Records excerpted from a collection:
○ ○ ○ ○ ○

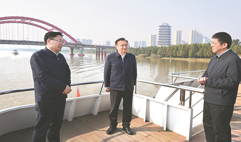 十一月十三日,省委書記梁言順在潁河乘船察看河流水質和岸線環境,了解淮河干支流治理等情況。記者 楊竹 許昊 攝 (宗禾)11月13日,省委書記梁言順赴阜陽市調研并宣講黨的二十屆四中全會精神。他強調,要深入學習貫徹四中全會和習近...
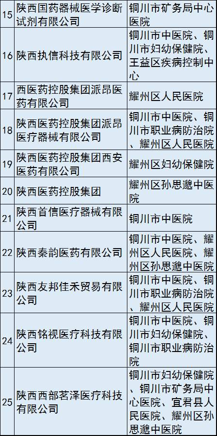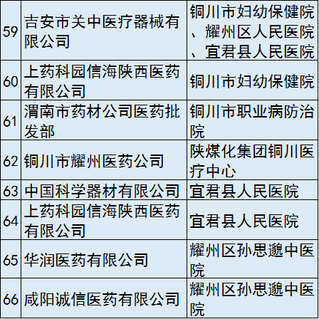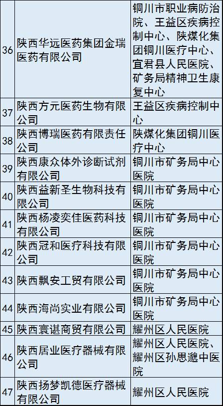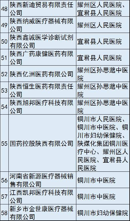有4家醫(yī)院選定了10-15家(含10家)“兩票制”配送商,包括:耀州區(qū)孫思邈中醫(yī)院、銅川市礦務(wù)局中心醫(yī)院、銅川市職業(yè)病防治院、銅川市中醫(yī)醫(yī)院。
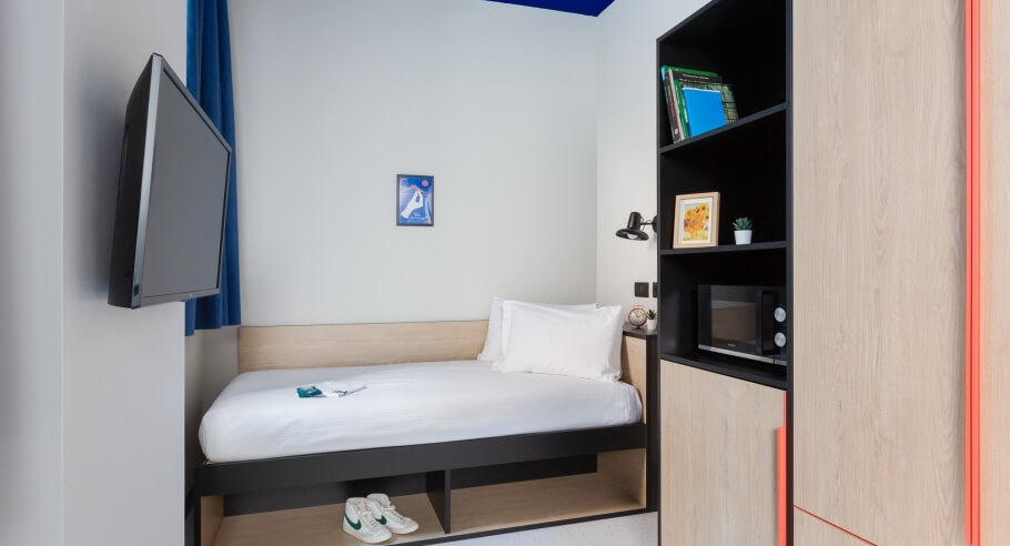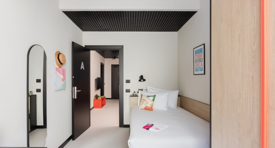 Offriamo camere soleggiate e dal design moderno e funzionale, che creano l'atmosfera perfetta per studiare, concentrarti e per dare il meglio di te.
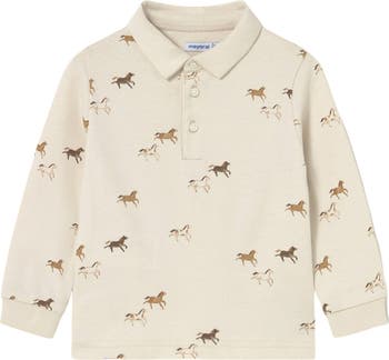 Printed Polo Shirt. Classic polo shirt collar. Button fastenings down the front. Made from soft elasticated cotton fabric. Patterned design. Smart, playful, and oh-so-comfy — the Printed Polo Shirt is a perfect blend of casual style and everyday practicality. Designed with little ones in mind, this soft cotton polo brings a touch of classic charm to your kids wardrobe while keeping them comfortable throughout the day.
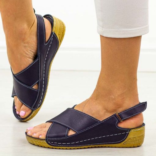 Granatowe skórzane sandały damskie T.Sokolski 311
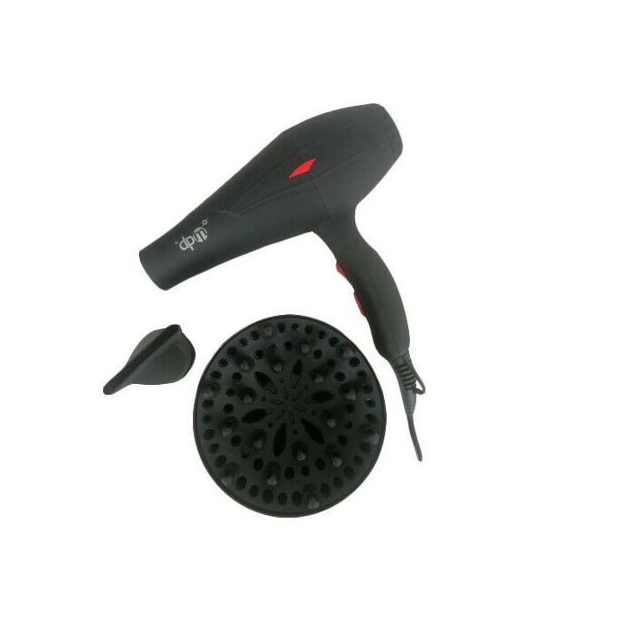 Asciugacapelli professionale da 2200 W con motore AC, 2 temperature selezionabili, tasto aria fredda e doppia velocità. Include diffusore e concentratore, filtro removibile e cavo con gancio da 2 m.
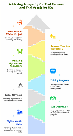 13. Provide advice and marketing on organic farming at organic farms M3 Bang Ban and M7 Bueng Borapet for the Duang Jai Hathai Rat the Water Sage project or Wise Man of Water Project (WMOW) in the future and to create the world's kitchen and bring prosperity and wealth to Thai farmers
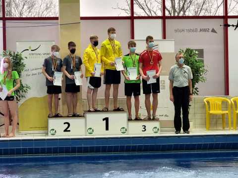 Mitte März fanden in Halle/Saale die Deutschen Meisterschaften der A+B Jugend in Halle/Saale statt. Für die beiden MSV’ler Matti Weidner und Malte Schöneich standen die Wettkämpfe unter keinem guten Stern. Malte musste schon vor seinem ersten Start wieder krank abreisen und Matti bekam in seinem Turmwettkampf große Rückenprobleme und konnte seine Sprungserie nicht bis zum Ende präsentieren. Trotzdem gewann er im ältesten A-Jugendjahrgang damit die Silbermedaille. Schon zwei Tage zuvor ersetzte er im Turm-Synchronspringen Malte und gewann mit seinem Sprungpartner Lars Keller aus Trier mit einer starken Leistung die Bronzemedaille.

○ ○ ○ ○ ○

### PROBLEM DETAILS
When an image appears in the data, skip it and output the rest exactly.

### ANSWER AREA
 十一月十三日,省委書記梁言順在潁河乘船察看河流水質和岸線環境,了解淮河干支流治理等情況。記者 楊竹 許昊 攝 (宗禾)11月13日,省委書記梁言順赴阜陽市調研并宣講黨的二十屆四中全會精神。他強調,要深入學習貫徹四中全會和習近...
有4家醫(yī)院選定了10-15家(含10家)“兩票制”配送商,包括:耀州區(qū)孫思邈中醫(yī)院、銅川市礦務(wù)局中心醫(yī)院、銅川市職業(yè)病防治院、銅川市中醫(yī)醫(yī)院。
 Offriamo camere soleggiate e dal design moderno e funzionale, che creano l'atmosfera perfetta per studiare, concentrarti e per dare il meglio di te.
 Printed Polo Shirt. Classic polo shirt collar. Button fastenings down the front. Made from soft elasticated cotton fabric. Patterned design. Smart, playful, and oh-so-comfy — the Printed Polo Shirt is a perfect blend of casual style and everyday practicality. Designed with little ones in mind, this soft cotton polo brings a touch of classic charm to your kids wardrobe while keeping them comfortable throughout the day.
 Granatowe skórzane sandały damskie T.Sokolski 311
 Asciugacapelli professionale da 2200 W con motore AC, 2 temperature selezionabili, tasto aria fredda e doppia velocità. Include diffusore e concentratore, filtro removibile e cavo con gancio da 2 m.
 13. Provide advice and marketing on organic farming at organic farms M3 Bang Ban and M7 Bueng Borapet for the Duang Jai Hathai Rat the Water Sage project or Wise Man of Water Project (WMOW) in the future and to create the world's kitchen and bring prosperity and wealth to Thai farmers
 Mitte März fanden in Halle/Saale die Deutschen Meisterschaften der A+B Jugend in Halle/Saale statt. Für die beiden MSV’ler Matti Weidner und Malte Schöneich standen die Wettkämpfe unter keinem guten Stern. Malte musste schon vor seinem ersten Start wieder krank abreisen und Matti bekam in seinem Turmwettkampf große Rückenprobleme und konnte seine Sprungserie nicht bis zum Ende präsentieren. Trotzdem gewann er im ältesten A-Jugendjahrgang damit die Silbermedaille. Schon zwei Tage zuvor ersetzte er im Turm-Synchronspringen Malte und gewann mit seinem Sprungpartner Lars Keller aus Trier mit einer starken Leistung die Bronzemedaille.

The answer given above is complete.